- _Input material_:
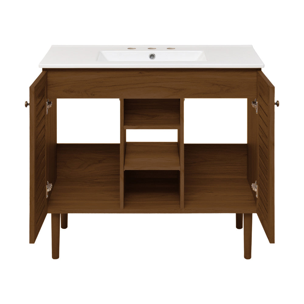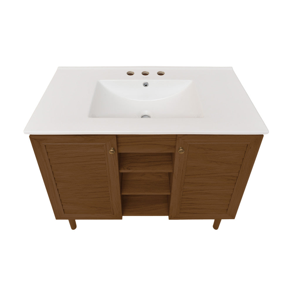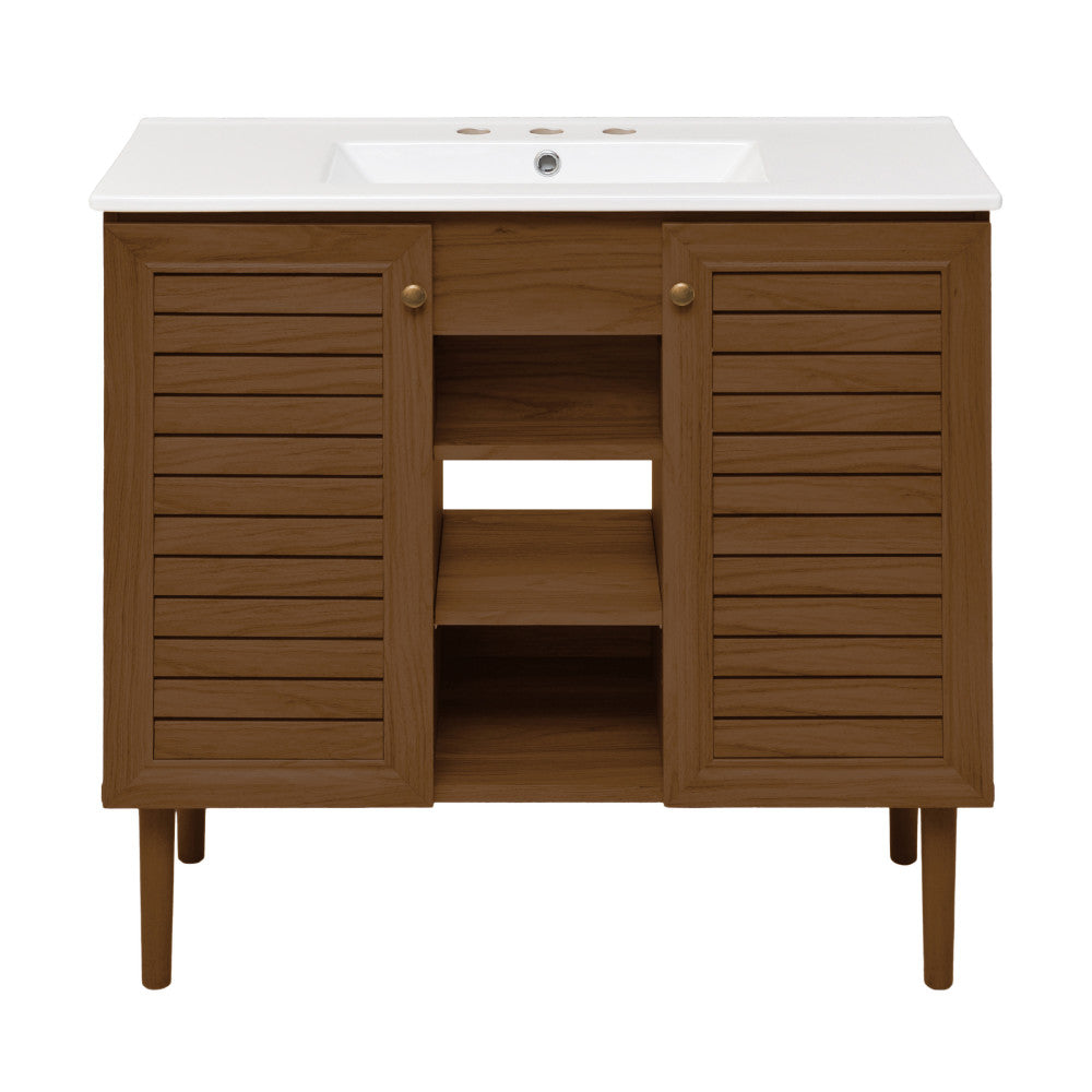 Bron 36" Freestanding Bathroom Vanity in Brown Oak with 3-Hole Widespread Sink Top
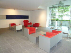 エントランスには赤を基調とした椅子や装飾が
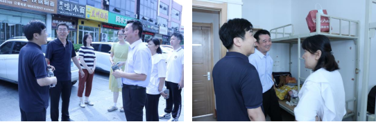 党委书记苏占兵、党委副书记刘伟、研究生辅导员赵岩与学院研究生会的同学们一同走访研究生新生宿舍,为大家送上问候。
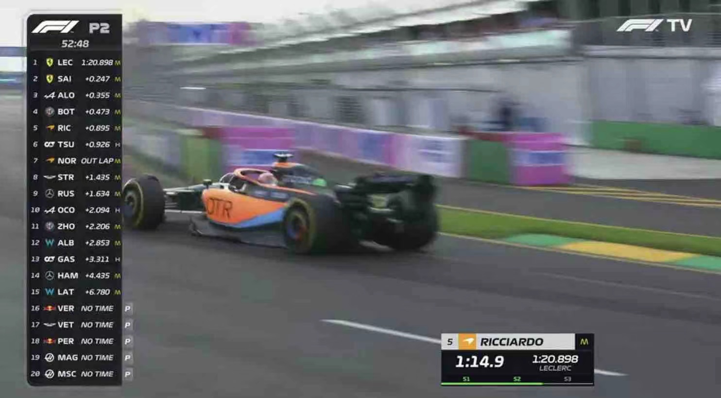第四分钟,里卡多率先使用中性胎做出1:20.603上到第一,队友诺里斯紧随其后。
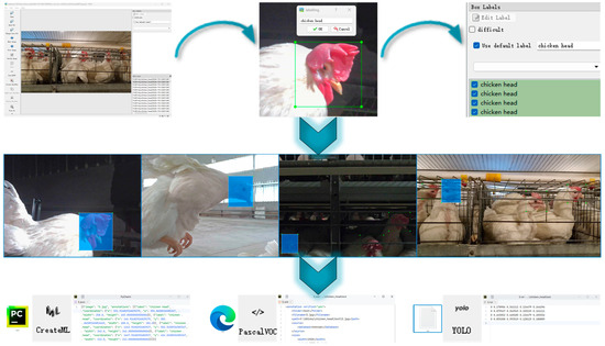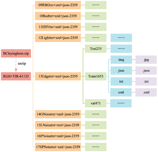 As shown in Figure 9, for the same image, we provide annotation information in three different formats: xml, txt, and json. The xml format annotation files include the images’ size, category, and location information, adhering to the annotation standards of datasets such as PASCAL VOC and YOLO. The txt format is a plain text file containing only category and location information, commonly used for YOLO format annotations, and is characterized by its simplicity and ease of parsing. The json format annotation files include image size, category, location, and other information, with a level of lightness between xml and txt formats. The three data annotation formats we provide can meet the needs of different application scenarios. For the operation guide on data annotation, please refer to https://github.com/maweihong/BClayinghens/blob/main/Data%20Annotation%20Guide.docx (accessed on 1 September 2024).

- _Task brief_: The records above should be repeated exactly, with no pictures in the copy.

- _Your response_:
 Bron 36" Freestanding Bathroom Vanity in Brown Oak with 3-Hole Widespread Sink Top
 エントランスには赤を基調とした椅子や装飾が
 党委书记苏占兵、党委副书记刘伟、研究生辅导员赵岩与学院研究生会的同学们一同走访研究生新生宿舍,为大家送上问候。
第四分钟,里卡多率先使用中性胎做出1:20.603上到第一,队友诺里斯紧随其后。
 As shown in Figure 9, for the same image, we provide annotation information in three different formats: xml, txt, and json. The xml format annotation files include the images’ size, category, and location information, adhering to the annotation standards of datasets such as PASCAL VOC and YOLO. The txt format is a plain text file containing only category and location information, commonly used for YOLO format annotations, and is characterized by its simplicity and ease of parsing. The json format annotation files include image size, category, location, and other information, with a level of lightness between xml and txt formats. The three data annotation formats we provide can meet the needs of different application scenarios. For the operation guide on data annotation, please refer to https://github.com/maweihong/BClayinghens/blob/main/Data%20Annotation%20Guide.docx (accessed on 1 September 2024).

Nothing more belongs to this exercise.